■ Task to complete:
Here is the task for the listing below: output exactly the lines from the one containing "트럼프 2기 출범 후" through the one containing "After the president's", and leave out the pictures.

■ Data extracts:
+ + + + + + +

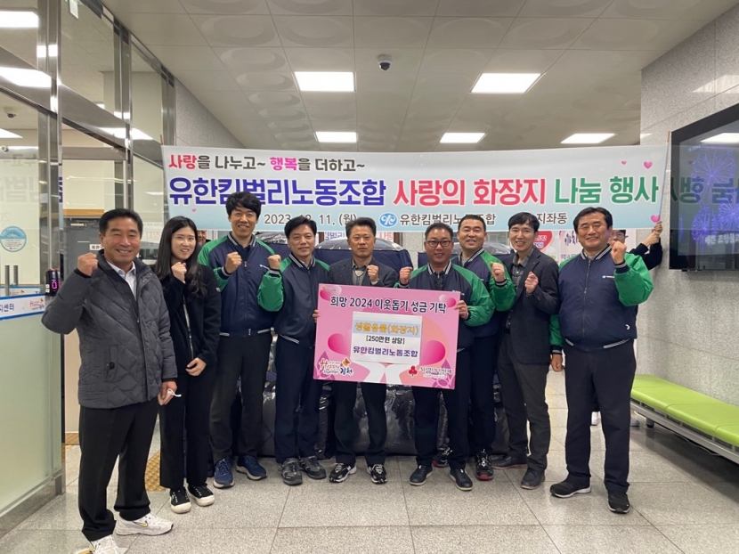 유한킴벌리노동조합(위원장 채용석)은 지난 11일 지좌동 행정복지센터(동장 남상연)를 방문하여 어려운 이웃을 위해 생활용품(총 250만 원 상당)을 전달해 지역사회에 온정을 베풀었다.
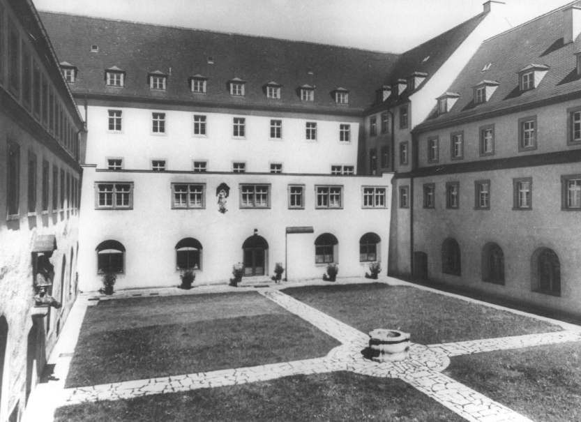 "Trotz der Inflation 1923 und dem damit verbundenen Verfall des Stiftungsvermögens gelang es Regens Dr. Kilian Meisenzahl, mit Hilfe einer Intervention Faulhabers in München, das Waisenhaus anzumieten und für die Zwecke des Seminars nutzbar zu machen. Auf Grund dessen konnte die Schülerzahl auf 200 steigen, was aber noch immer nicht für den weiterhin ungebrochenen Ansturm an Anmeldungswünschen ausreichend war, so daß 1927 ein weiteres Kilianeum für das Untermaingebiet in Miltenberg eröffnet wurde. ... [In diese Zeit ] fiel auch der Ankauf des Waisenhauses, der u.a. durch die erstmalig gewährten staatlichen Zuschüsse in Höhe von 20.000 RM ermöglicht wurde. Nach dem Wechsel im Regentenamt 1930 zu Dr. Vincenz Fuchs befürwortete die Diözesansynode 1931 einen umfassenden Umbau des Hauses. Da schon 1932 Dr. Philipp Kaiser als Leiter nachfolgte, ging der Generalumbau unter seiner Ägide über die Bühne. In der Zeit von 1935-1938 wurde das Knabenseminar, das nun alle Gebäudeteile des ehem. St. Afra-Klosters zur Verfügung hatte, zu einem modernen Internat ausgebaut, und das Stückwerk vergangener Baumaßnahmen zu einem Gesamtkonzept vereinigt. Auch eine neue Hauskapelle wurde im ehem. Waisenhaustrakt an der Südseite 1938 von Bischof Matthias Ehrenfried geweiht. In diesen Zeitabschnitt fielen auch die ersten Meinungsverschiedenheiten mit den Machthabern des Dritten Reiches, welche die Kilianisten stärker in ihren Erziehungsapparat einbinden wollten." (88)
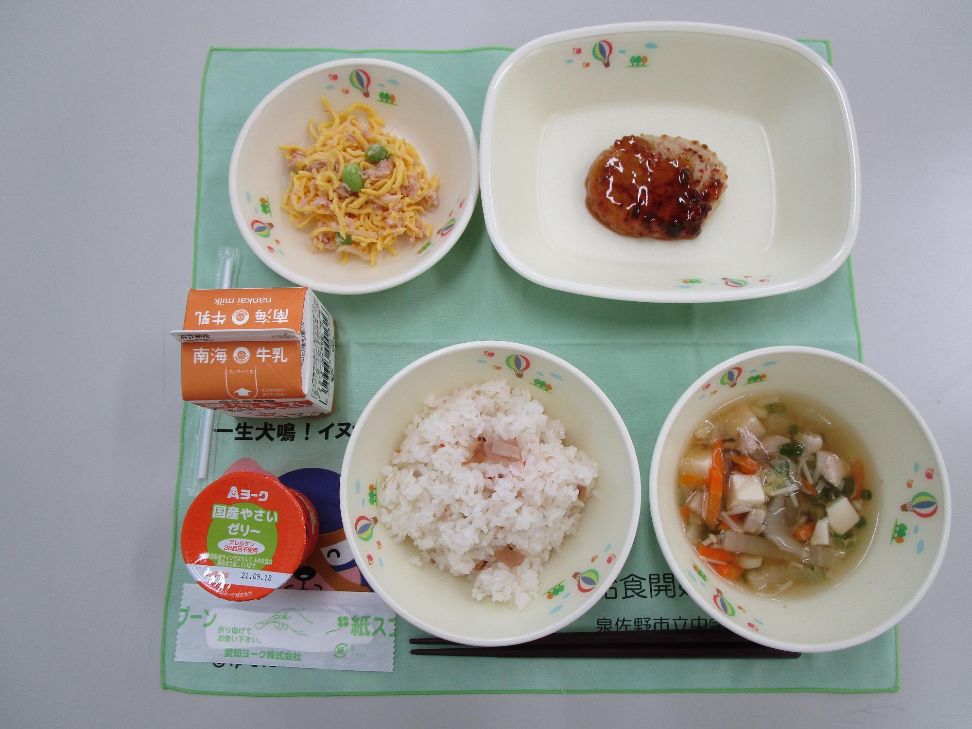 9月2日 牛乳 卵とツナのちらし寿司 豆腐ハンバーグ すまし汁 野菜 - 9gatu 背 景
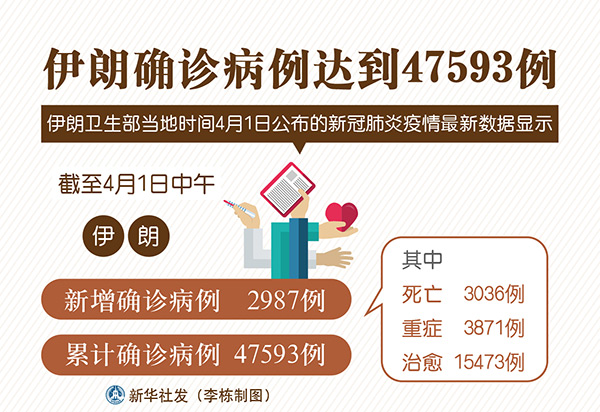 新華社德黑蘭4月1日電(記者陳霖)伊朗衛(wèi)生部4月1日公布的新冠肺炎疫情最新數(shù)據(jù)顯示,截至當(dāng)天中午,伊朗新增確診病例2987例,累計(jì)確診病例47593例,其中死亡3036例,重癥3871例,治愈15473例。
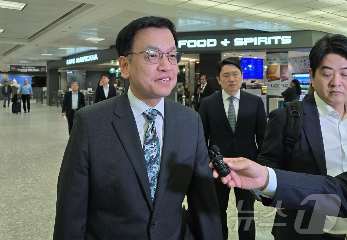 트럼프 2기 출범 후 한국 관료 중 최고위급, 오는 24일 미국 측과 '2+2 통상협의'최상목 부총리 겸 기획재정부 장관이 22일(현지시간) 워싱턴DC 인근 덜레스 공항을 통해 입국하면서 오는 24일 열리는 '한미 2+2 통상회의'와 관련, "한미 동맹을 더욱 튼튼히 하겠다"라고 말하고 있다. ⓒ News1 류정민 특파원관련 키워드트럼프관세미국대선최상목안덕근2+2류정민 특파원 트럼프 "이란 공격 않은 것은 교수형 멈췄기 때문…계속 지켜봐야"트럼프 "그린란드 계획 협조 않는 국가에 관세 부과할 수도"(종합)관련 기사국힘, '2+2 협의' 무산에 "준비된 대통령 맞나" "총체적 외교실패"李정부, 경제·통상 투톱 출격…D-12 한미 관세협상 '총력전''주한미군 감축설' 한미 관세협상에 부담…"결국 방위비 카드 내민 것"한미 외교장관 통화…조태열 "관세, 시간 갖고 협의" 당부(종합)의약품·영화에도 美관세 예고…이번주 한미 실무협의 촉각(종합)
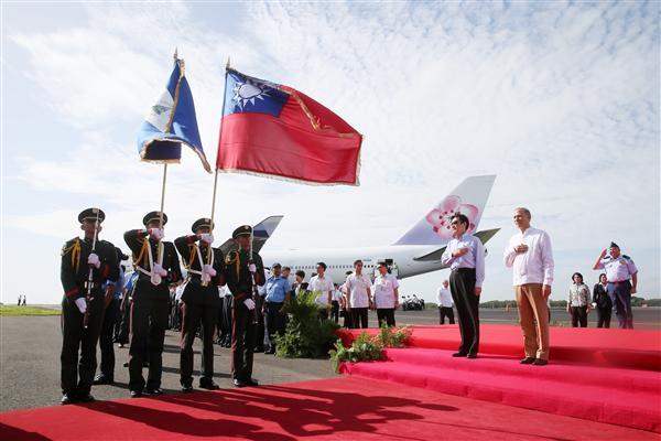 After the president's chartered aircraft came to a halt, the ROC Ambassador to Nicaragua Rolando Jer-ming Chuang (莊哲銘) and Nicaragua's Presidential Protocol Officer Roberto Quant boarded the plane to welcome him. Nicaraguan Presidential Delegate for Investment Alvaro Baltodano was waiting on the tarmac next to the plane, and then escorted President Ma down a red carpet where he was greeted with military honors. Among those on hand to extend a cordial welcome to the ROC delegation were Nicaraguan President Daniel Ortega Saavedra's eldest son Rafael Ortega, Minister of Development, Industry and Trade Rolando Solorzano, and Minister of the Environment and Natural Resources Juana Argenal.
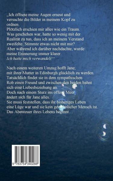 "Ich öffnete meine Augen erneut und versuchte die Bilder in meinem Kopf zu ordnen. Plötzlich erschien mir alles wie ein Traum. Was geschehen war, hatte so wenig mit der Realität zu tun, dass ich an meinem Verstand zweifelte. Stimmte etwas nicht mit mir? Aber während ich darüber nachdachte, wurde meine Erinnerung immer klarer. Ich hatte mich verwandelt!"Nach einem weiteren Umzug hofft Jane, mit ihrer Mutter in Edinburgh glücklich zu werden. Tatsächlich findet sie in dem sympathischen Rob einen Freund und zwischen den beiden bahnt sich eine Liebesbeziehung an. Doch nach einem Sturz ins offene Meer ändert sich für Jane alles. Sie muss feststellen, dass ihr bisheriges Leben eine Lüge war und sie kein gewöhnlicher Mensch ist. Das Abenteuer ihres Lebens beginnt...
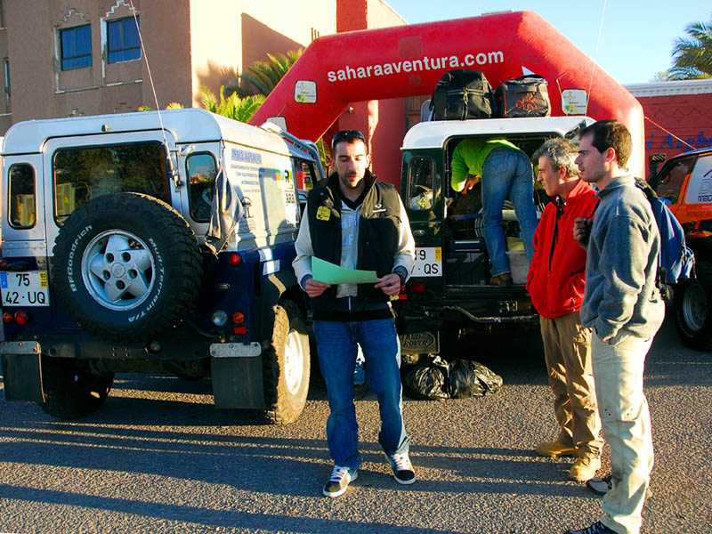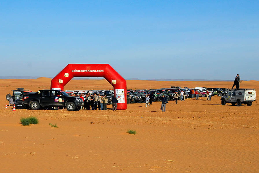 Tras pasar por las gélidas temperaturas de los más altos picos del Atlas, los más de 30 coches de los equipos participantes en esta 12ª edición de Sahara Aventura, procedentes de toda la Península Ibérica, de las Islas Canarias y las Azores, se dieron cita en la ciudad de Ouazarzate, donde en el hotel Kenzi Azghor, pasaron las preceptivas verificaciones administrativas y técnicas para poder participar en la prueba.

+ + + + + + +

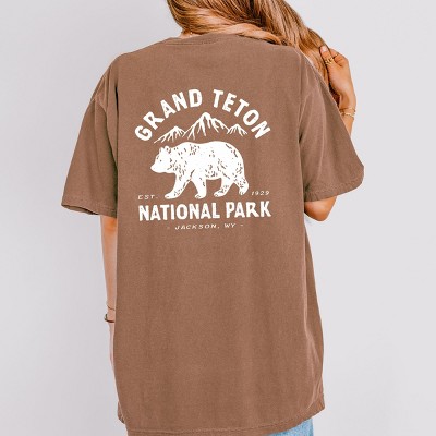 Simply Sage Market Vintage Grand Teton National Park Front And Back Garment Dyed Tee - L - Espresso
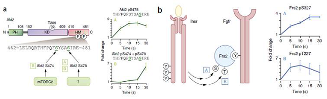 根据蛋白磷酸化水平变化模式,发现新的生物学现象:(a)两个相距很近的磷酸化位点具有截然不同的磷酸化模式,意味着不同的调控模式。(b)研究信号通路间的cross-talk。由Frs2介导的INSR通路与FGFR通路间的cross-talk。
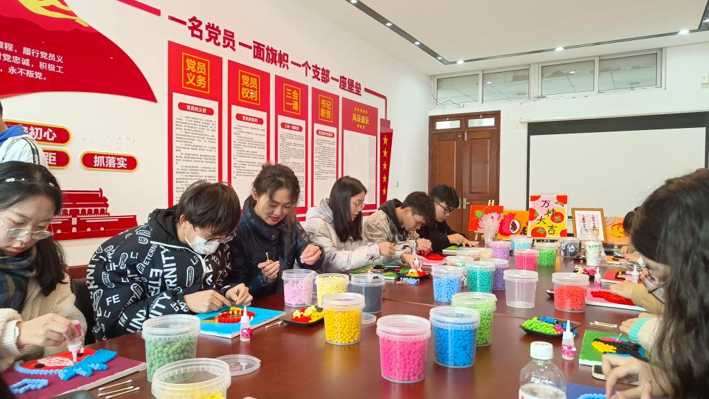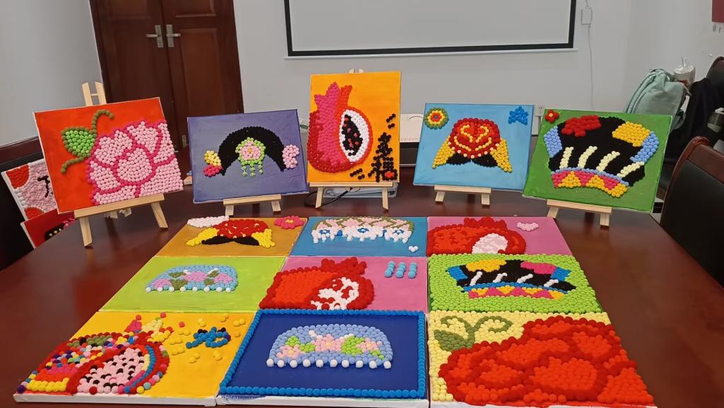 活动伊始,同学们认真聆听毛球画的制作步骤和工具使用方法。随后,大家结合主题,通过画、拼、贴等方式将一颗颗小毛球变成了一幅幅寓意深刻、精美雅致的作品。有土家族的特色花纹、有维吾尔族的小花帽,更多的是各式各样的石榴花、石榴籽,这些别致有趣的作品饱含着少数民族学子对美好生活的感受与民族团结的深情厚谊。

+ + + + + + +

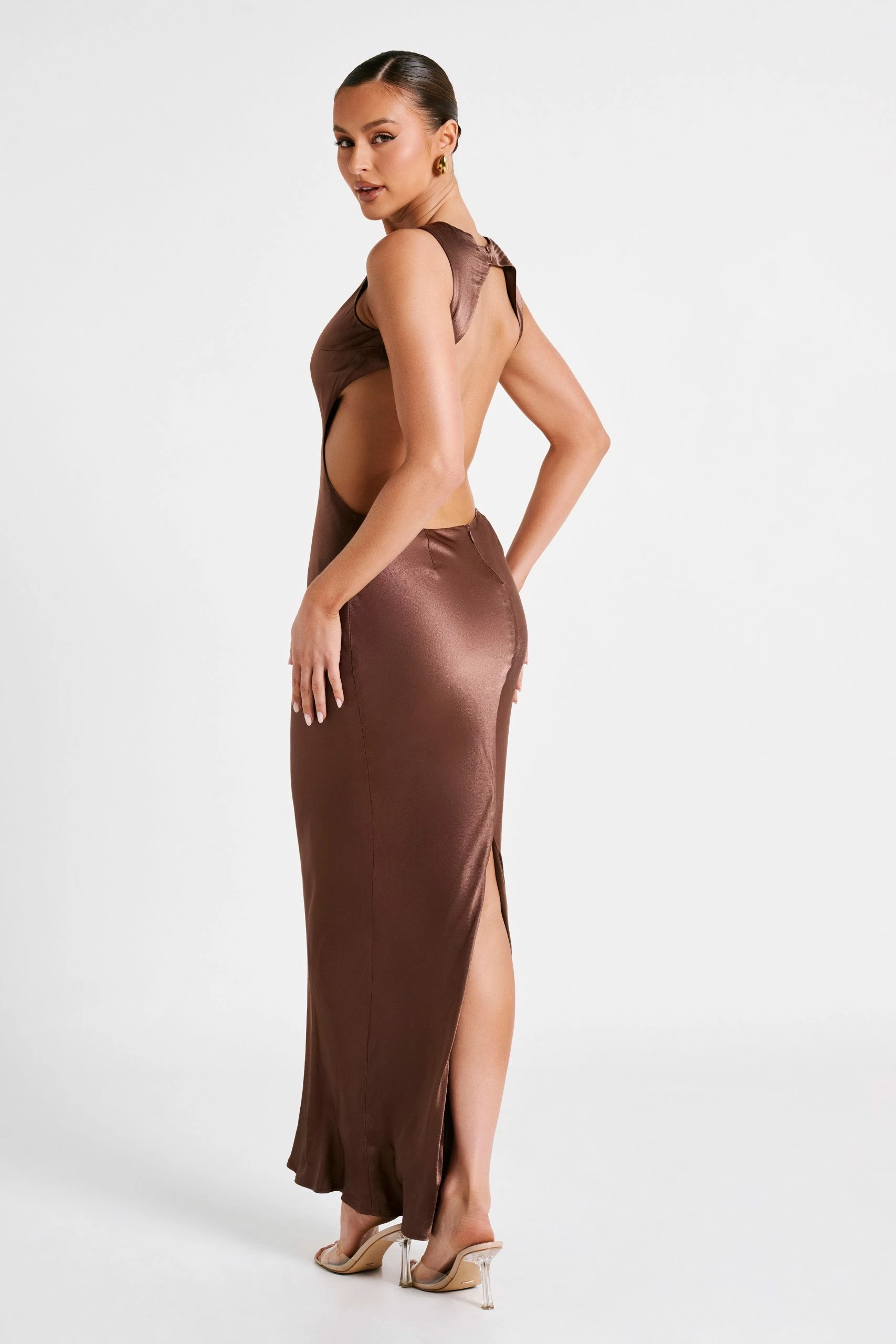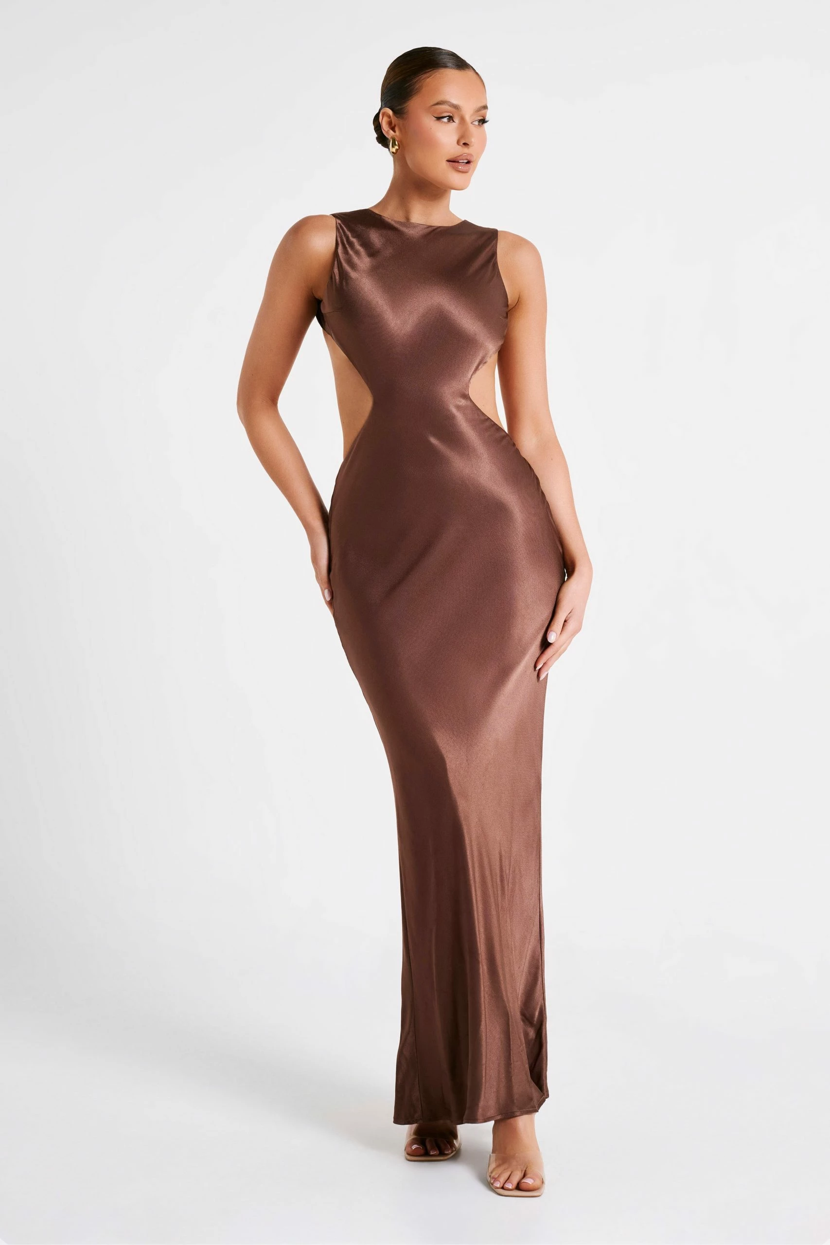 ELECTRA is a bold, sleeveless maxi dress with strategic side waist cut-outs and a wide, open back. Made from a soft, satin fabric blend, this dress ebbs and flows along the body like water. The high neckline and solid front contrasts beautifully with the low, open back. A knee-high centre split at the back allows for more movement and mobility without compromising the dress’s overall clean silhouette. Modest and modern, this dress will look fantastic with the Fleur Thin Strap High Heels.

+ + + + + + +

■ Solution to this task:
 트럼프 2기 출범 후 한국 관료 중 최고위급, 오는 24일 미국 측과 '2+2 통상협의'최상목 부총리 겸 기획재정부 장관이 22일(현지시간) 워싱턴DC 인근 덜레스 공항을 통해 입국하면서 오는 24일 열리는 '한미 2+2 통상회의'와 관련, "한미 동맹을 더욱 튼튼히 하겠다"라고 말하고 있다. ⓒ News1 류정민 특파원관련 키워드트럼프관세미국대선최상목안덕근2+2류정민 특파원 트럼프 "이란 공격 않은 것은 교수형 멈췄기 때문…계속 지켜봐야"트럼프 "그린란드 계획 협조 않는 국가에 관세 부과할 수도"(종합)관련 기사국힘, '2+2 협의' 무산에 "준비된 대통령 맞나" "총체적 외교실패"李정부, 경제·통상 투톱 출격…D-12 한미 관세협상 '총력전''주한미군 감축설' 한미 관세협상에 부담…"결국 방위비 카드 내민 것"한미 외교장관 통화…조태열 "관세, 시간 갖고 협의" 당부(종합)의약품·영화에도 美관세 예고…이번주 한미 실무협의 촉각(종합)
 After the president's chartered aircraft came to a halt, the ROC Ambassador to Nicaragua Rolando Jer-ming Chuang (莊哲銘) and Nicaragua's Presidential Protocol Officer Roberto Quant boarded the plane to welcome him. Nicaraguan Presidential Delegate for Investment Alvaro Baltodano was waiting on the tarmac next to the plane, and then escorted President Ma down a red carpet where he was greeted with military honors. Among those on hand to extend a cordial welcome to the ROC delegation were Nicaraguan President Daniel Ortega Saavedra's eldest son Rafael Ortega, Minister of Development, Industry and Trade Rolando Solorzano, and Minister of the Environment and Natural Resources Juana Argenal.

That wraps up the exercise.